Under the law, “relocation” has a different meaning depending on which county you live in and whether you are moving within Illinois or to another state.
- If the child’s primary residence is Cook, DuPage, Kane, Lake, McHenry, or Will county, relocation would be any move:
- within Illinois that is more than 25 miles from the child’s current residence; or
- to another state that is more than 25 miles from the current primary residence;1
- If the child’s primary residence is in any other county, aside from those listed above, relocation would be any move:
- within Illinois that is more than 50 miles from the child’s current residence; or
- to another state that is more than 25 miles from the current primary residence.2
The distances listed above would be measured by an Internet mapping service to confirm their distance.3
To see what steps you need to take if you want to relocate, go to If I want to relocate with my child, what steps do I need to take?
1 750 ILCS 5/600(g)(1), (g)(3)
2 750 ILCS 5/600(g)(2), (g)(3)
3 750 ILCS 5/600(g)(1) - (3)
If I want to relocate with my child, what steps do I need to take?

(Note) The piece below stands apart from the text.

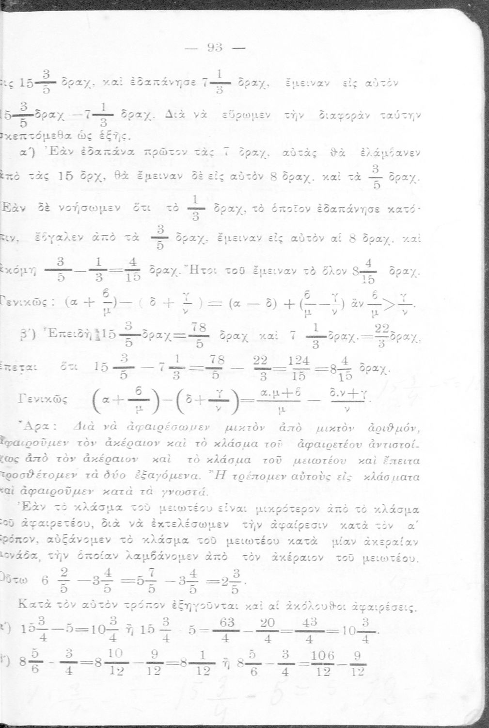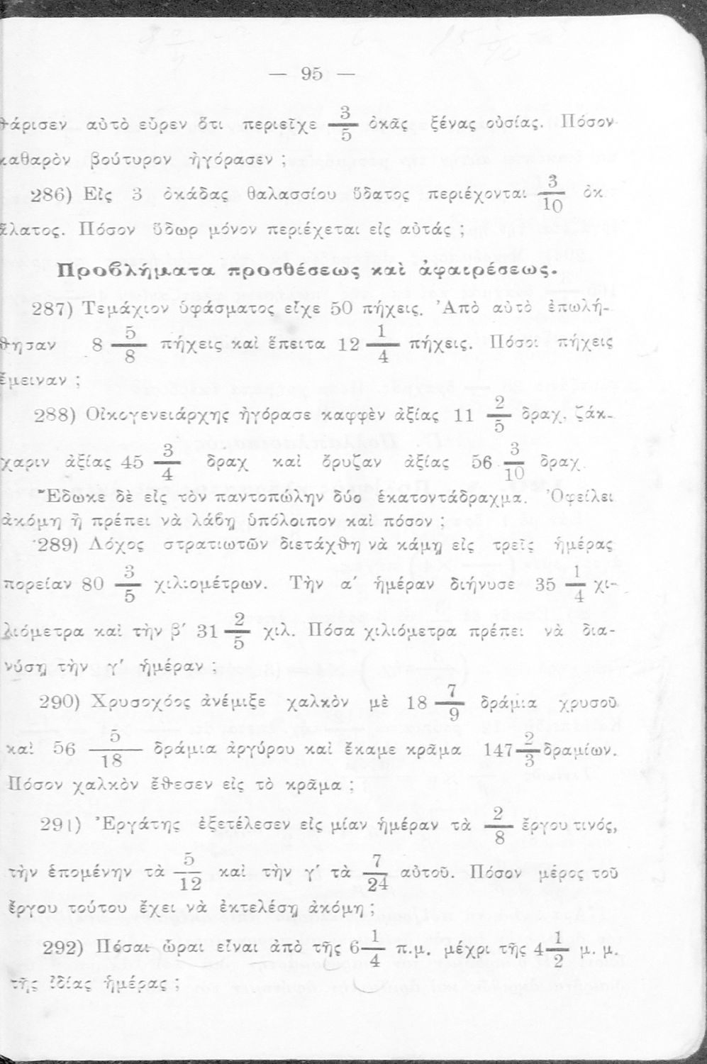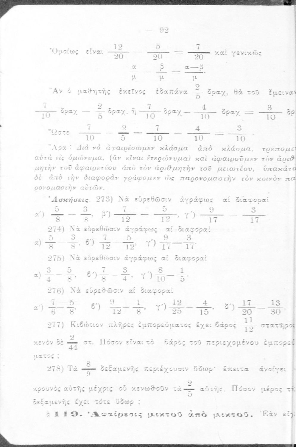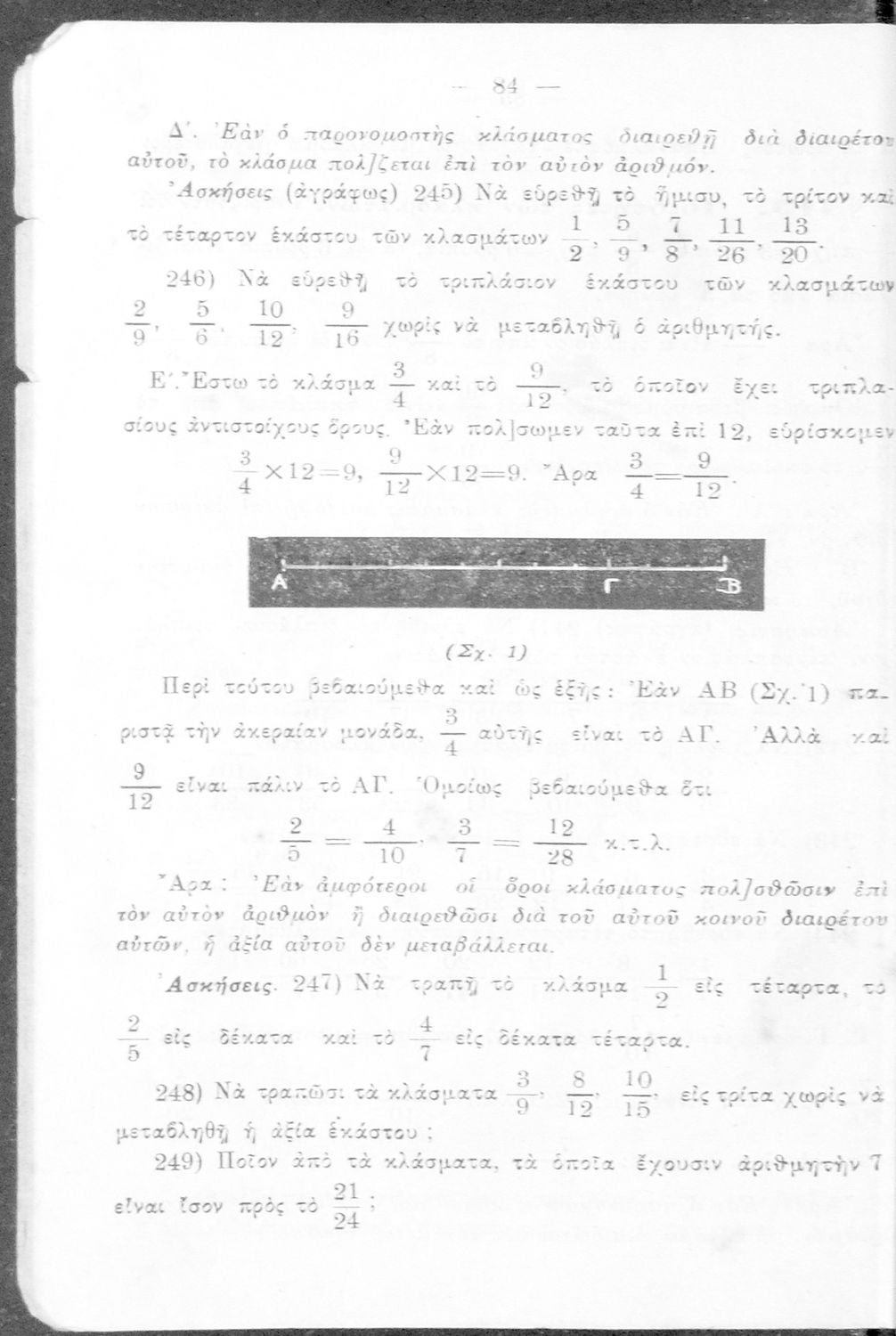 Σχολικό εγχειρίδιο Αριθμητικής για τις Α΄, Β΄, Γ΄ Γυμνασίου και τα Ανώτερα Παρθεναγωγεία που είναι χωρισμένο σε θεωρία και ασκήσεις και εστιάζει στις αριθμητικές πράξεις με κλάσματα και ακέραιους και συμμιγείς

If a parent who has been allocated a majority of parenting time or equal parenting time in court wants to relocate with his/her child, there are certain steps s/he must follow:1
- s/he must provide at least 60 days’ written notice before the relocation to the other parent (unless such notice is not possible - in that case, written notice shall be given at the earliest date possible). The notice must include the following:
- the intended date of the parent’s relocation;
- the address of the parent’s intended new residence, if known; and
- the length of time the relocation will last, if the relocation is not for an indefinite or permanent period.2Note: The judge may excuse you from giving all or some of this information (or may seal the information) if there is a history of domestic violence.3
- s/he must file a copy of the required notice with the clerk of the circuit court.3
If the non-relocating parent consents to the relocation, the law says that s/he can “sign” the notice and you can file it with the court and relocate.4 Be sure to check with the clerk of court whether or not the signature needs to be notarized or if there are any additional requirements that must be met. The court will then modify the parenting plan or allocation judgment accordingly (as long as the agreed modification is in the child’s best interests).4
If the non-relocating parent does not consent to the relocation, you must file a petition in court seeking permission to relocate.5 Then a hearing would be held where the judge would decide whether or not to allow the relocation. You can read about the factors that a judge will consider when deciding whether or not to allow you to relocate in section (g) of the law, 750 ILCS 5/609.2 on our Selected Illinois Statutes page.
1 750 ILCS 5/609.2(b)
2 750 ILCS 5/609.2(d)
3 750 ILCS 5/609.2(c)
4 750 ILCS 5/609.2(e)
5 750 ILCS 5/609.2(f)
If I move to a new state, can I transfer my child custody case there?
After a final custody order is issued, there may come a time when you and your children move to a different state. For information about how to request to transfer the custody case to a new state, please go to the Transferring a custody case to a different state section in our general Custody page. However, it’s important to keep in mind that you may likely first need to get permission from the court or from the other parent to move your children out of state. Please talk to a lawyer to make sure your plans to move don’t violate your custody order or your state’s parental kidnapping laws.